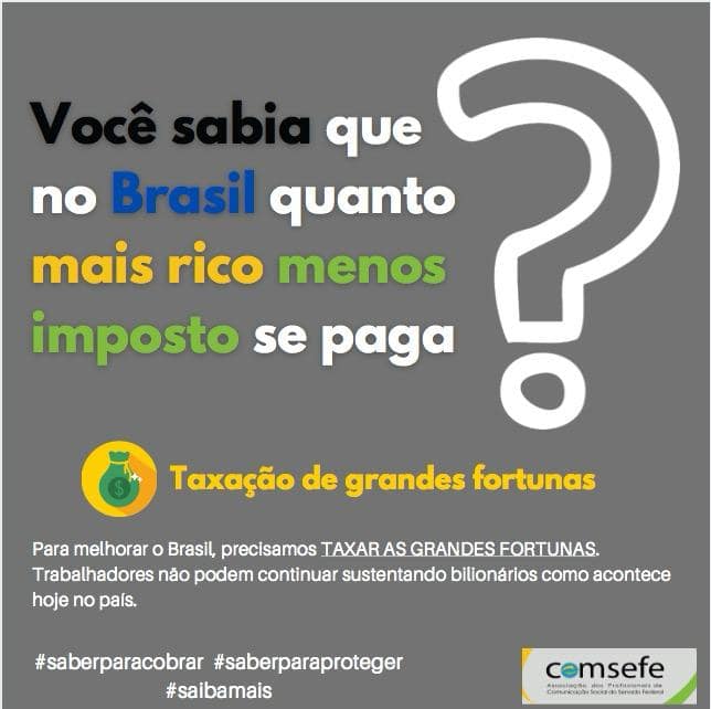 O Brasil possui muitos grupos privilegiados e isso precisa mudar. Por isso a ideia dessa campanha é apresentarmos propostas que aumentem a arrecadação de recursos para o país e ainda garantam a melhoria dos serviços públicos.
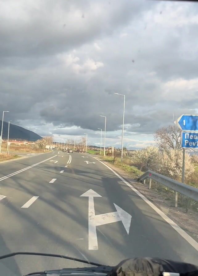 road trip, with the view captured from inside a vehicle, possibly a car or van. The camera looks forward through the windshield, capturing the road ahead. The road is paved with white lines marking lanes. Road signs are visible, though their text isn't clear. The scenery includes fields with green grass, utility poles, and distant mountains. The sky is overcast with cloudy weather. Music plays in the background. The camera also briefly shows the interior of the vehicle, focusing on the window frame and dashboard. A white contrail is visible in the sky, likely from a plane.
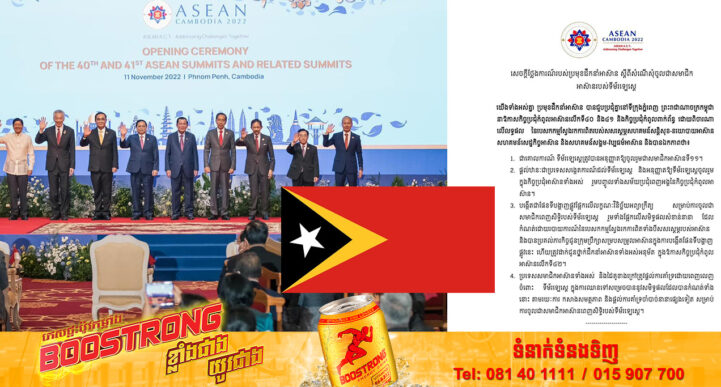 (ភ្នំពេញ)៖ នៅថ្ងៃទី១១ ខែវិច្ឆិកា ឆ្នាំ២០២២ ប្រមុខដឹកនាំអាស៊ាន បានចេញសេចក្តីថ្លែងការណ៍របស់ ស្តីពីសំណើសុំចូលជាសមាជិកអាស៊ានរបស់ទីម័រឡេស្តេ។ ក្នុងសេចក្តីថ្លែងការណ៍បានបញ្ជាក់យ៉ាងដូច្នេះថា ប្រមុខដឹកនាំអាស៊ាន បានជួបប្រជុំគ្នានៅទីក្រុងភ្នំពេញ ព្រះរាជាណាចក្រកម្ពុជា នាឱកាសកិច្ចប្រជុំកំពូលអាស៊ានលើកទី៤០ និង៤១ និងកិច្ចប្រជុំកំពូលពាក់ព័ន្ធ ដោយពិចារណាលើលទ្ធផល នៃបេសកកម្មស្វែងរកការពិតរបស់សសរស្តម្ភសហគមន៍សន្តិសុខ-នយោបាយអាស៊ាន សហគមន៍សេដ្ឋកិច្ចអាស៊ាន និងសហគមន៍សង្គម-វប្បធម៌អាស៊ាន និងបានឯកភាពថា៖ ១-ជាគោលការណ៍ ទីម័រឡេស្តេត្រូវបានអនុញ្ញាតឱ្យចូលរួមជាសមាជិកអាស៊ានទី១១។ ២-ផ្តល់ឋានៈជាប្រទេសសង្កេតការណ៍ដល់ទីម័រឡេស្តេ និងអនុញ្ញាតឱ្យទីម័រឡេស្តេចូលរួមក្នុងកិច្ចប្រជុំអាស៊ានទាំងអស់ រួមបញ្ចូលទាំងសម័យប្រជុំពេញអង្គនៃកិច្ចប្រជុំកំពូលអាស៊ាន។ ៣- បង្កើតជាផែនទីបង្ហាញផ្លូវ ផ្អែកលើលក្ខណៈវិនិច្ឆ័យអព្យាក្រឹត្យ សម្រាប់ការចូលជាសមាជិកពេញសិទ្ធិរបស់ទីម័រឡេស្តេ រួមទាំងផ្អែកលើសមិទ្ធផលសំខាន់នានា ដែលកំណត់ដោយរបាយការណ៍ នៃបេសកកម្មស្វែងរកការពិតទាំងបីសសរស្តម្ភ របស់អាស៊ាន និងបានប្រគល់ភារកិច្ច ជូនក្រុមប្រឹក្សាសម្របសម្រួលអាស៊ាន
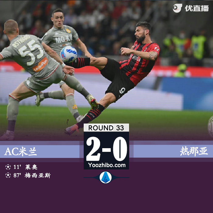北京时间4月16日凌晨3点整,2021-22赛季意甲第33轮在圣西罗球场展开角逐,AC米兰坐镇主场迎战热那亚。上半场卡卢卢助攻,莱奥首开纪录,下半场梅西亚斯替补锁定胜局。最终AC米兰主场2-0战胜热那亚,米兰终结联赛两连平。积分榜方面,米兰多赛一场积71分,领先国米2分重回榜首。
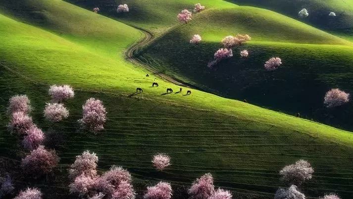 新疆的春天是絢爛的,可要想感受這里的絢爛,那就必須去看杏花
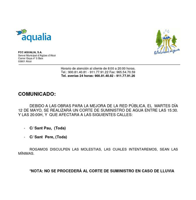 AQUALIA PROCEDERÁ A UN CORTE DE SUMINISTRO PARA LA MEJORA DE LA RED PÚBLICA
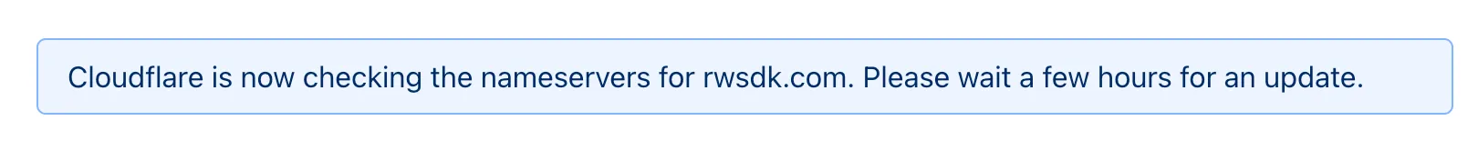 It’ll now present you with a note that it can take some time to process nameserver changes. From here, you can just wait until Cloudflare emails you, but for the impatiant amongst us, Cloudflare offers a Check nameservers now button.
* * * * * * *
Could you transcribe every entry above exactly, leaving out the images?

ANSWER FOR THIS EXERCISE:
 O Brasil possui muitos grupos privilegiados e isso precisa mudar. Por isso a ideia dessa campanha é apresentarmos propostas que aumentem a arrecadação de recursos para o país e ainda garantam a melhoria dos serviços públicos.
 road trip, with the view captured from inside a vehicle, possibly a car or van. The camera looks forward through the windshield, capturing the road ahead. The road is paved with white lines marking lanes. Road signs are visible, though their text isn't clear. The scenery includes fields with green grass, utility poles, and distant mountains. The sky is overcast with cloudy weather. Music plays in the background. The camera also briefly shows the interior of the vehicle, focusing on the window frame and dashboard. A white contrail is visible in the sky, likely from a plane.
 (ភ្នំពេញ)៖ នៅថ្ងៃទី១១ ខែវិច្ឆិកា ឆ្នាំ២០២២ ប្រមុខដឹកនាំអាស៊ាន បានចេញសេចក្តីថ្លែងការណ៍របស់ ស្តីពីសំណើសុំចូលជាសមាជិកអាស៊ានរបស់ទីម័រឡេស្តេ។ ក្នុងសេចក្តីថ្លែងការណ៍បានបញ្ជាក់យ៉ាងដូច្នេះថា ប្រមុខដឹកនាំអាស៊ាន បានជួបប្រជុំគ្នានៅទីក្រុងភ្នំពេញ ព្រះរាជាណាចក្រកម្ពុជា នាឱកាសកិច្ចប្រជុំកំពូលអាស៊ានលើកទី៤០ និង៤១ និងកិច្ចប្រជុំកំពូលពាក់ព័ន្ធ ដោយពិចារណាលើលទ្ធផល នៃបេសកកម្មស្វែងរកការពិតរបស់សសរស្តម្ភសហគមន៍សន្តិសុខ-នយោបាយអាស៊ាន សហគមន៍សេដ្ឋកិច្ចអាស៊ាន និងសហគមន៍សង្គម-វប្បធម៌អាស៊ាន និងបានឯកភាពថា៖ ១-ជាគោលការណ៍ ទីម័រឡេស្តេត្រូវបានអនុញ្ញាតឱ្យចូលរួមជាសមាជិកអាស៊ានទី១១។ ២-ផ្តល់ឋានៈជាប្រទេសសង្កេតការណ៍ដល់ទីម័រឡេស្តេ និងអនុញ្ញាតឱ្យទីម័រឡេស្តេចូលរួមក្នុងកិច្ចប្រជុំអាស៊ានទាំងអស់ រួមបញ្ចូលទាំងសម័យប្រជុំពេញអង្គនៃកិច្ចប្រជុំកំពូលអាស៊ាន។ ៣- បង្កើតជាផែនទីបង្ហាញផ្លូវ ផ្អែកលើលក្ខណៈវិនិច្ឆ័យអព្យាក្រឹត្យ សម្រាប់ការចូលជាសមាជិកពេញសិទ្ធិរបស់ទីម័រឡេស្តេ រួមទាំងផ្អែកលើសមិទ្ធផលសំខាន់នានា ដែលកំណត់ដោយរបាយការណ៍ នៃបេសកកម្មស្វែងរកការពិតទាំងបីសសរស្តម្ភ របស់អាស៊ាន និងបានប្រគល់ភារកិច្ច ជូនក្រុមប្រឹក្សាសម្របសម្រួលអាស៊ាន
北京时间4月16日凌晨3点整,2021-22赛季意甲第33轮在圣西罗球场展开角逐,AC米兰坐镇主场迎战热那亚。上半场卡卢卢助攻,莱奥首开纪录,下半场梅西亚斯替补锁定胜局。最终AC米兰主场2-0战胜热那亚,米兰终结联赛两连平。积分榜方面,米兰多赛一场积71分,领先国米2分重回榜首。
 新疆的春天是絢爛的,可要想感受這里的絢爛,那就必須去看杏花
 AQUALIA PROCEDERÁ A UN CORTE DE SUMINISTRO PARA LA MEJORA DE LA RED PÚBLICA
 It’ll now present you with a note that it can take some time to process nameserver changes. From here, you can just wait until Cloudflare emails you, but for the impatiant amongst us, Cloudflare offers a Check nameservers now button.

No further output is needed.